Wasting InnoDB memory

I usually get strange looks when I complain about memory handling inside InnoDB. It seems as if terabytes of RAM are so common and cheap, that nobody should really care about memory efficiency. Unfortunately for me, I do.


  • The infamous Bug#15815 – buffer pool mutex contention. The patch for the bug added lots of small mutexes, and by ‘lots’ I mean really really lots – two mutexes (and rwlock structure) for each buffer pool page. That makes two million mutexes for 16GB buffer pool, um, four million mutexes for 32GB buffer pool, and I guess more for larger buffer pools. Result – 16GB buffer pool gets 625MB locking tax to solve a 8-core locking problem. Solution? Between giant lock and armies of page mutexes there lives a land of mutex pools, where locks are shared happily by multiple entities. I even made a patch, unfortunately it gets some ibuf assertion after server restart though at first everything works great :)
  • InnoDB data dictionary always grows, never shrinks. It is not considered a bug, as it isn’t memory leak – all memory is accounted by (hidden) dict_sys->size, and valgrind doesn’t print errors. 1-column table takes 2k of memory in InnoDB data dictionary, a table with few more columns and indexes takes already 10k. 100000 tables, and 1GB of memory is wasted. Who needs 100000 tables? People running application farms do. Actually, there even is a code for cleaning up data dictionary, just wasn’t finished, and is commented out at the moment. Even worse, the fix for #20877 was a joke – reducing the in-memory structure size, still not caring about structure count. And of course, do note that every InnoDB partition of a table takes space there too…
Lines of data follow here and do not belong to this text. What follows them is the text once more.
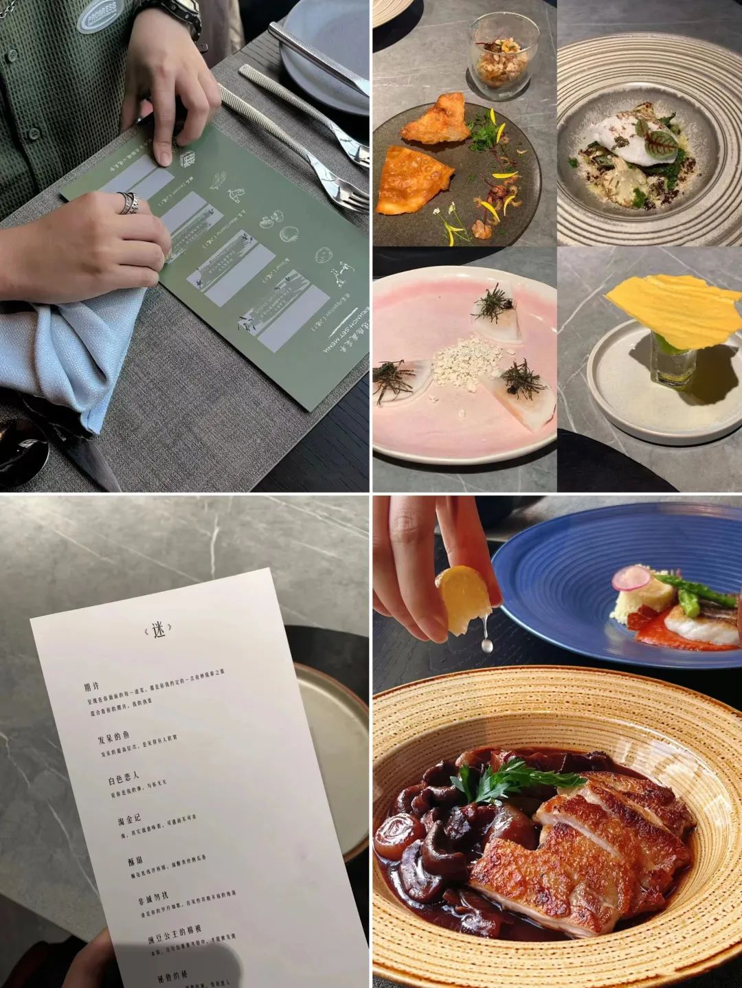 廣州?·探索料理,從店名開(kāi)始就四處透著“盲”味的氣息。套餐一共14道菜品,不僅是看名字猜不出菜品,甚至連菜端上桌后,都需要自行探索才能猜到食材,全程體驗(yàn)“盲盒感”。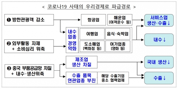 민생 경제 영역에서 이번 정부 대책의 가장 큰 줄기는 소상공인 지원과 내수 부양이다. 홍 부총리는 “국민 안전을 최우선으로 한 방역지원과 함께 그동안 1단계 긴급대응으로 세정, 금융, 부품수급, 중소기업과 소상공인, 관광과 항공 ·해운, 지역경제, 수출 등 업종별 ·분야별 긴급대책을 순차적으로 발표해 총 4조원 규모의 대책을 시행해 오고 있다”라면서 “2단계 대응으로는 기존 4조원 대책과 오늘 발표할 16조원 규모의 민생 경제 종합대책까지 포함하면 총 20조원 규모에 이르는 대규모 총력지원정책 패키지를 통해 이번 사태로 인한 피해극복 지원과 경제활력 보강을 최대한 뒷받침해 나가고자 한다”라고 말했다.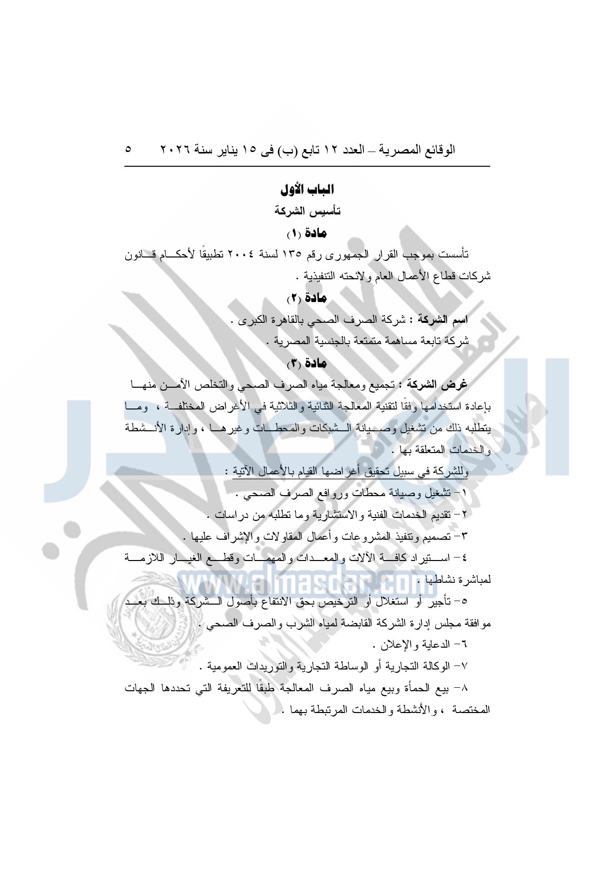 نشرت الوقائع المصرية، في العدد 12 تابع "ب"، الصادر في 15 يناير سنة 2026، قرار الشركة القابضة لمياه الشرب والصرف الصحى "ش.م.ق.م"، بشأن إعتماد النظام الأساسي المعدل لشركة الصرف الصحي بالقاهرة الكبرى.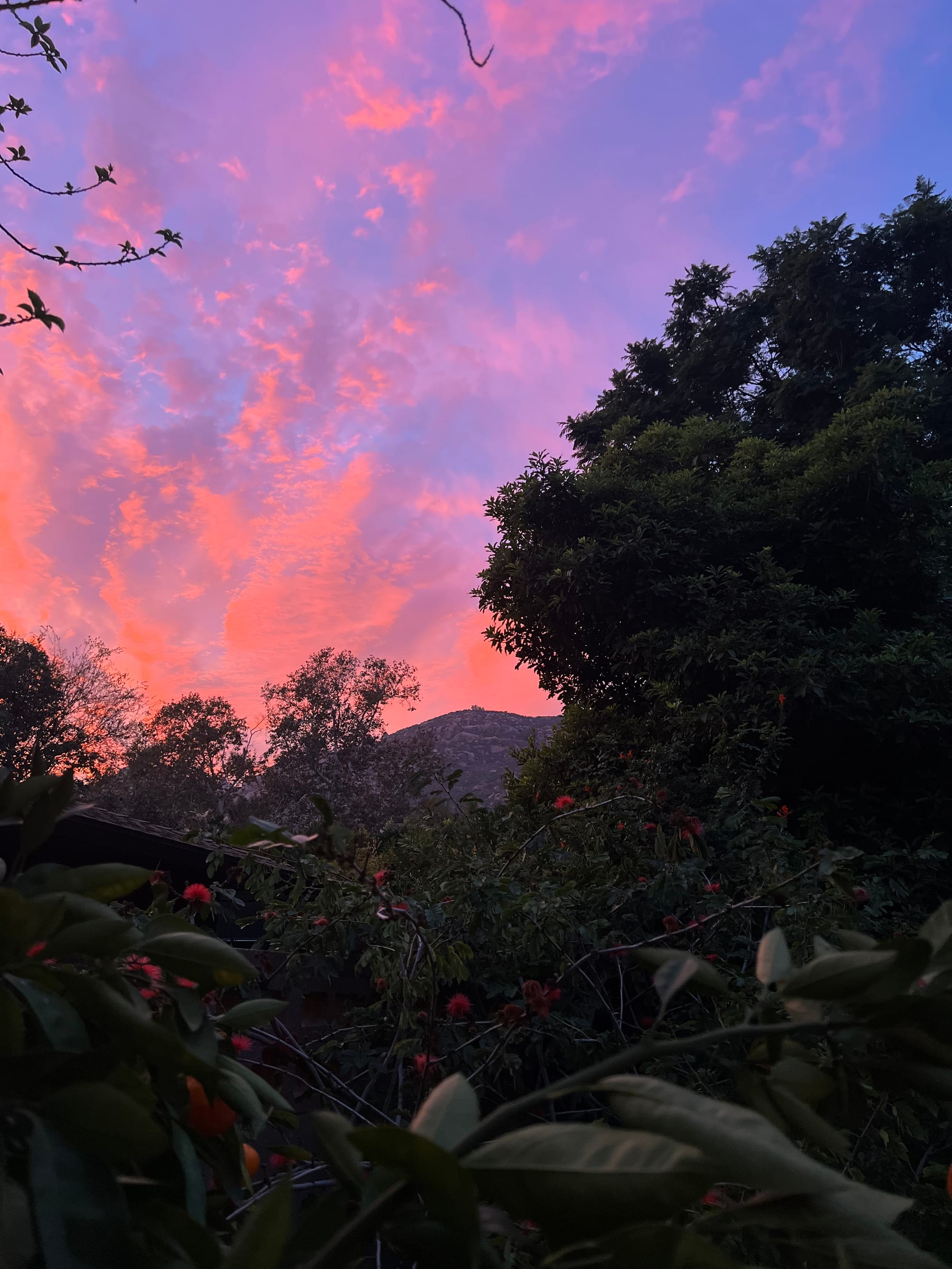 Vibrant coral and purple clouds illuminate the evening sky above Mount Rubidoux, framed by silhouetted trees and flowering plants at Evergreen Cemetery. (Michelle) Have a photo that captures the spirit of Riverside? Share it with us and help celebrate the beauty of our community!
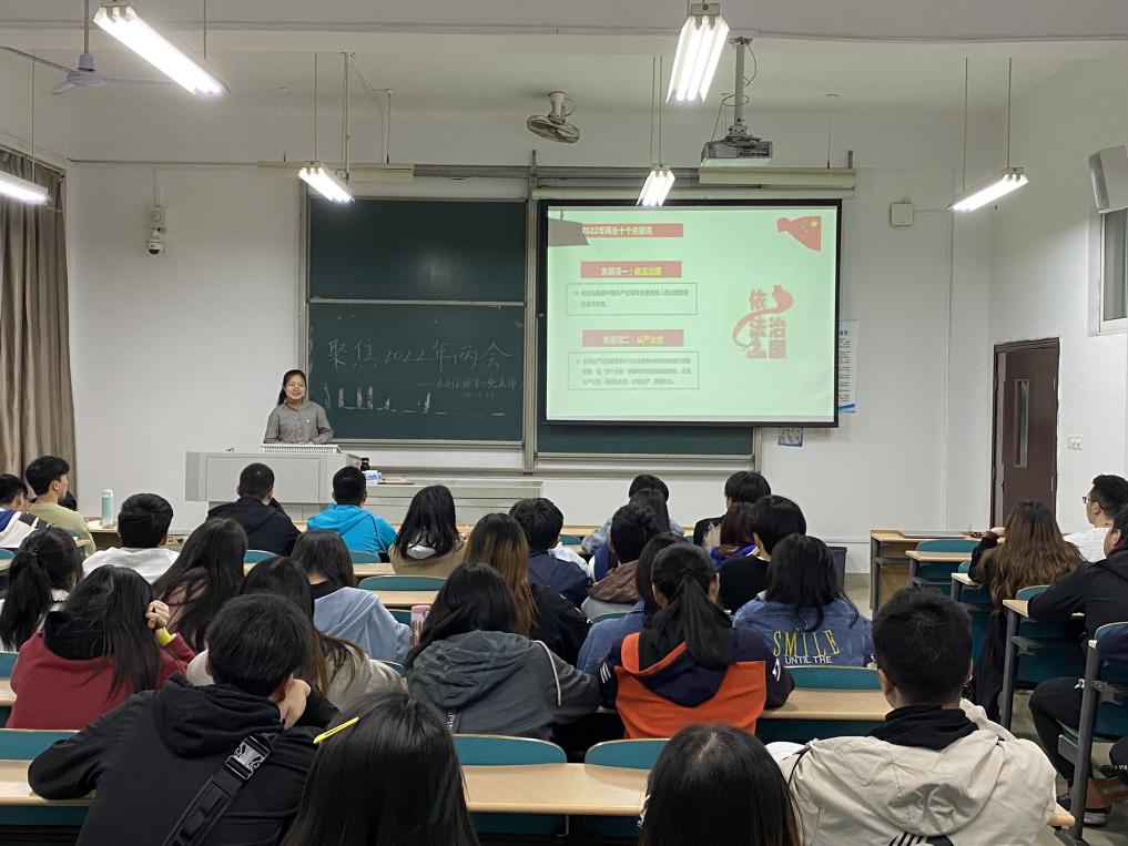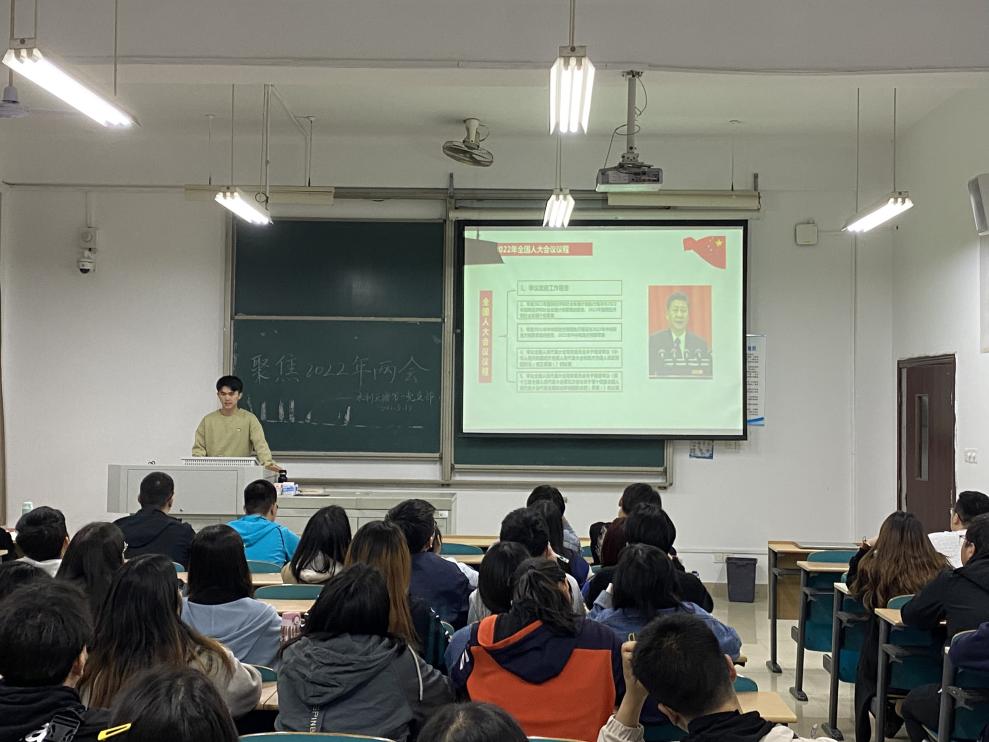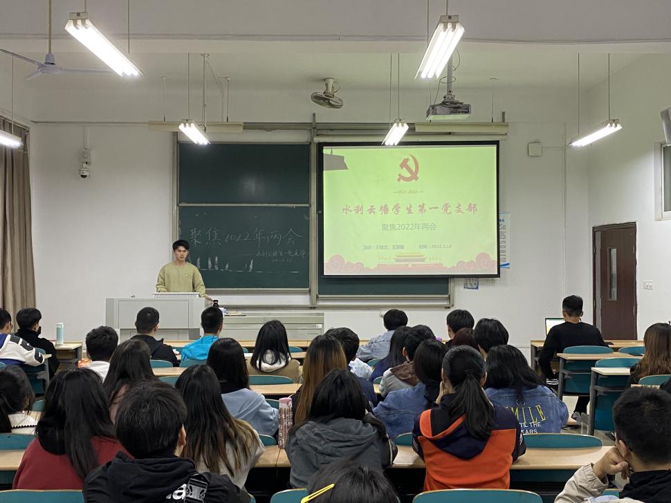 2022年3月18日,水利云塘学生第一党支部在工三A209组织召开“聚焦2022年两会”主题学习活动,参加活动的对象为支部入党积极分子,活动中主要针对近期结束的两会热点和理论知识进行学习。

So generally if you’re running bigger InnoDB deployment, you may be hitting various hidden memory taxes – in hundreds of megabytes, or gigabytes – that don’t provide too much value anyway. Well, memory is cheap, our next database boxes will be 32GB-class instead of those ‘amnesia’ 16GB types, and I can probably stop ranting :)

Performance of status commands

Though some may think status command performance is overrated, our code heavily relies on SHOW STATUS LIKE "Thread%", and I like to spam SHOW INNODB STATUS. Add monitoring systems, which rely on ‘SHOW GLOBAL STATUS’ – and performance starts to matter.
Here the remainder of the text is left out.